Good’s Fifth Book Focuses on Female Reporters
NEW PALTZ — -SUNY New Paltz Professor Howard Good’s fifth book, Girl Reporter: Gender, Journalism, and the Movies, has been published by Scarecrow Press. Using Torchy Blane, the hero of nine Warner Brothers films from the 1930s, as the centerpiece, this cultural study examines Hollywood’s infatuation with the female reporter.
Good, who has taught journalism at SUNY New Paltz since 1985, argues in his book that despite illusions of equality between male and female reporters on film, many portrayals of female reporters reinforce traditional gender roles. He draws on a variety of cultural materials to support his arguments, including theater posters, press books, legal documents, comic strips, and film reviews.

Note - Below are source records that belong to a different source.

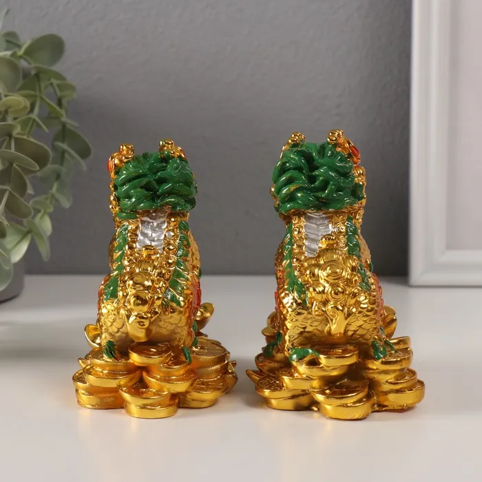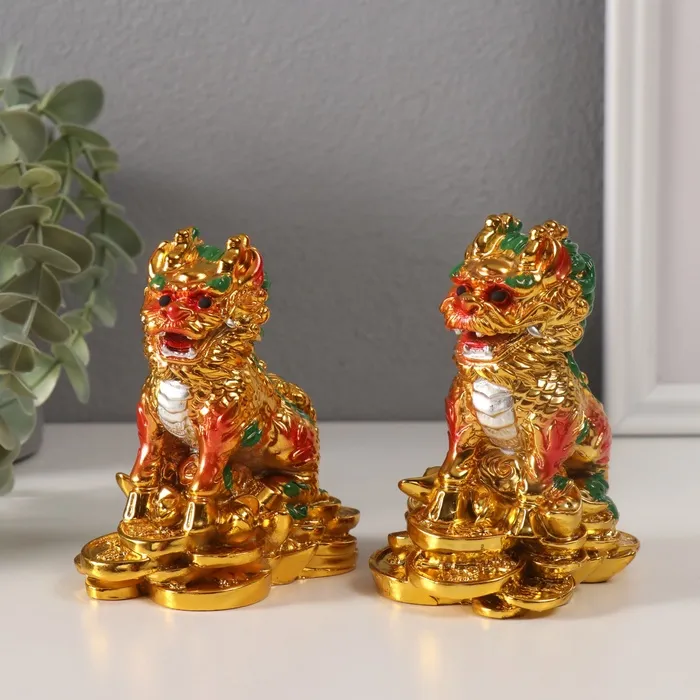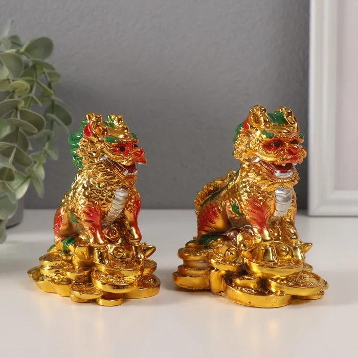 Нэцкэ фигурка «Кирины на монетах», полистоун, золотой, набор 2 шт., 6×9×10.5 см — Характеристики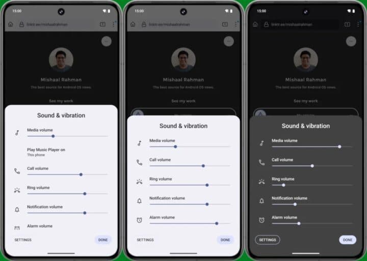 από τον Mishaal Rahman στο Android Authority, στο Android 15 Developer Preview 2, ο πίνακας ρύθμισης έντασης που εμφανίζεται όταν πατάτε το κουμπί αύξησης ή μείωσης της έντασης ήχου έχει μια ολοκαίνουργια σχεδίαση που βασίζεται στο Material You. Όπως μπορείτε να δείτε στα παρακάτω στιγμιότυπα οθόνης, σε αντίθεση με το τρέχον πάνελ που έχει ρυθμιστικά που είναι λεπτά και ευκρινή, ο νέος πίνακας προσφέρει ρυθμιστικά που είναι πολύ παχύτερα και στρογγυλότερα, που μιμούνται το σχήμα ενός χαπιού. Αυτά τα ρυθμιστικά περιέχουν επίσης το όνομα της ροής τόμου, σε αντίθεση με τον τρέχοντα πίνακα που δείχνει το όνομα της ροής τόμου πάνω από τα ρυθμιστικά.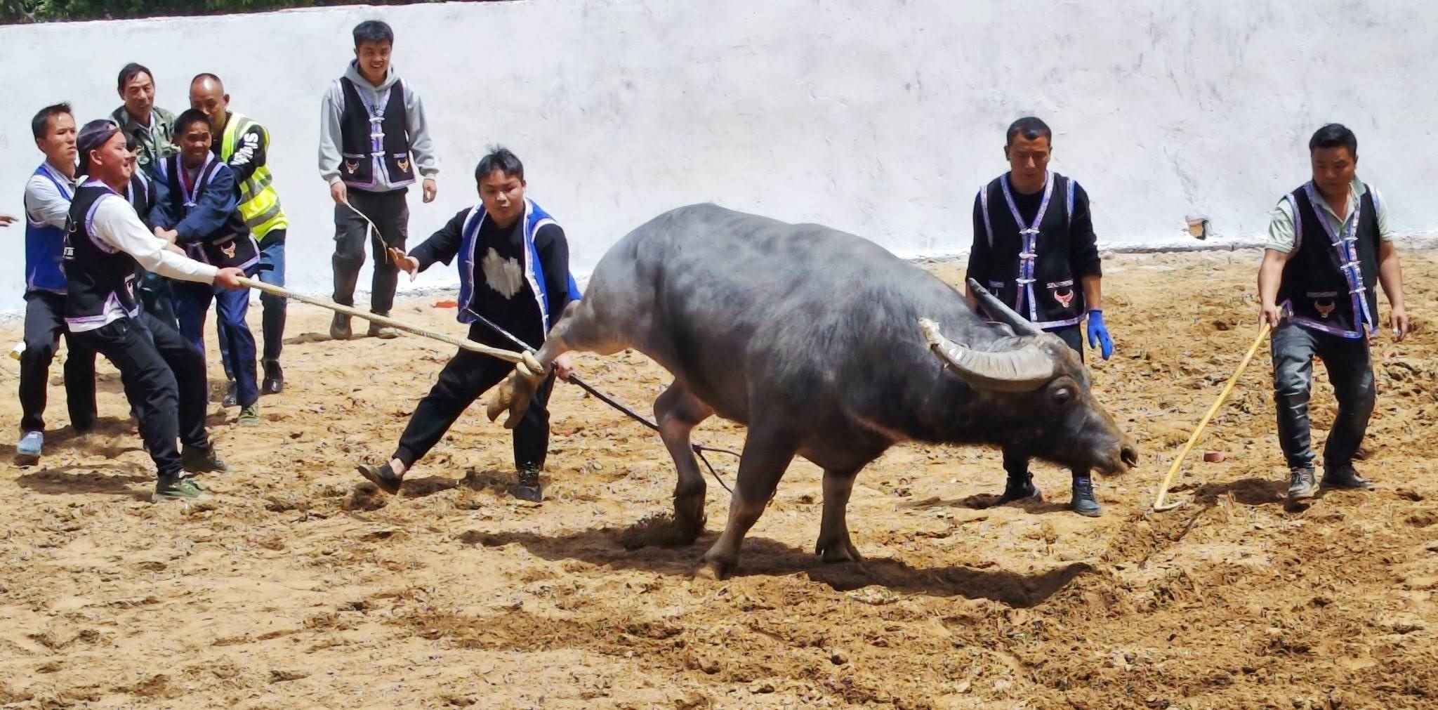 武漢:鄉(xiāng)村上演斗牛表演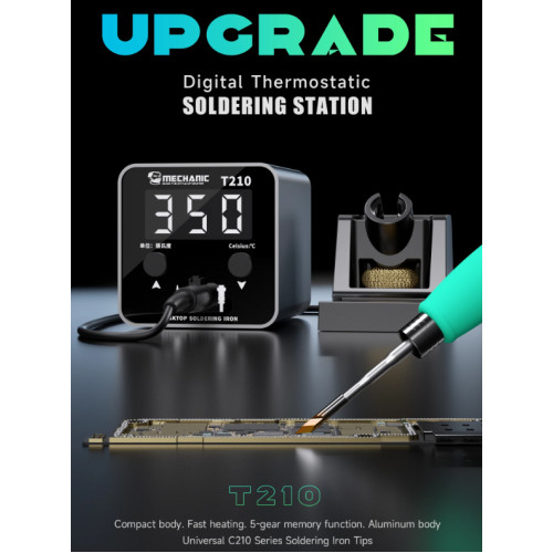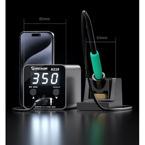MECHANIC A210 — настільна цифрова паяльна станція для електроніки та плат. Діапазон 180–450 °C, потужність 50 Вт, живлення AC 110–240 В, сумісність із жалами C210 і T12.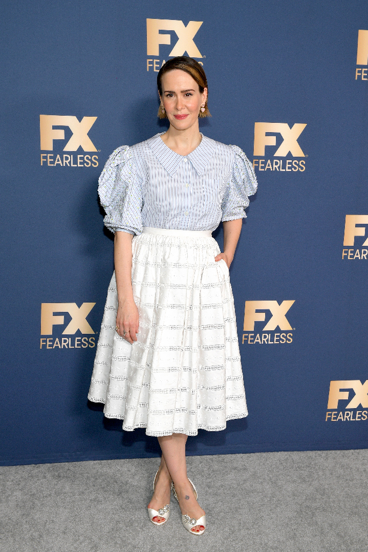 Sarah Paulson, ‘Starn Walk Winter Press Tour 2020’ etkinliği için Miu Miu ‘nun Resort 2020 koleksiyonundan bir kıyafet giydi.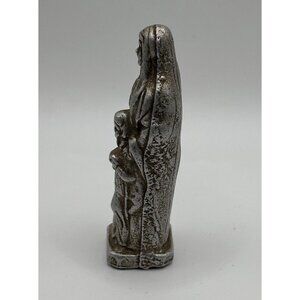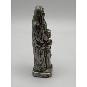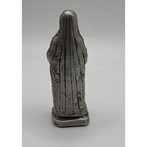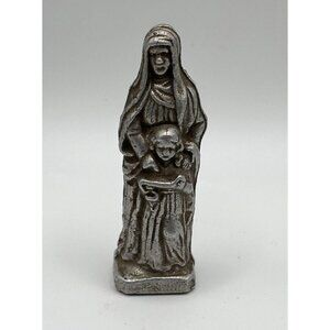 This vintage pewter metal statue figure of Saint Anne is a beautiful addition to any collection of religious collectibles. Crafted with intricate detail, this figure depicts the Catholic saint in all her glory. Measuring at 3 inches in height, this figure is perfect for display on a shelf or desk.

In addition to Torchy Blane, Good discusses female film reporters played by Joan Crawford, Katharine Hepburn, and other stars from the 1930s through the 1990s. He also compares the female reporter on screen with her counterpart in the real world, raising questions about ethics and gender relations in journalism that Hollywood films have not yet been able to resolve satisfactorily.
Good’s previous books are Acquainted With the Night: The Image of Journalists in American Fiction, 1890-1930; Outcasts: The Image of Journalists in Contemporary Film; The Journalist as Autobiographer; and Diamonds in the Dark: America, Baseball and the Movies. His book in progress, The Drunken Journalist: The Biography of a Film Stereotype, will be published by Scarecrow Press.
Good, who has a bachelor’s degree from Bard College, a master’s degree from the University of Iowa, and a doctoral degree from the University of Michigan, has contributed scholarly essays to several collections, including American Literary Journalists, 1945-1995, and A Sourcebook on American Literary Journalism. His articles have appeared in Journalism Monographs, Journalism Quarterly, Journalism Educator, American Journalism, Quill, the Chronicle of Higher Education, Education Week, Teachers Magazine, and American School Board Journal.
Good lives in Highland with his wife, Barbara, and their four children. He is a member of the Board of Education in the Highland Central School District.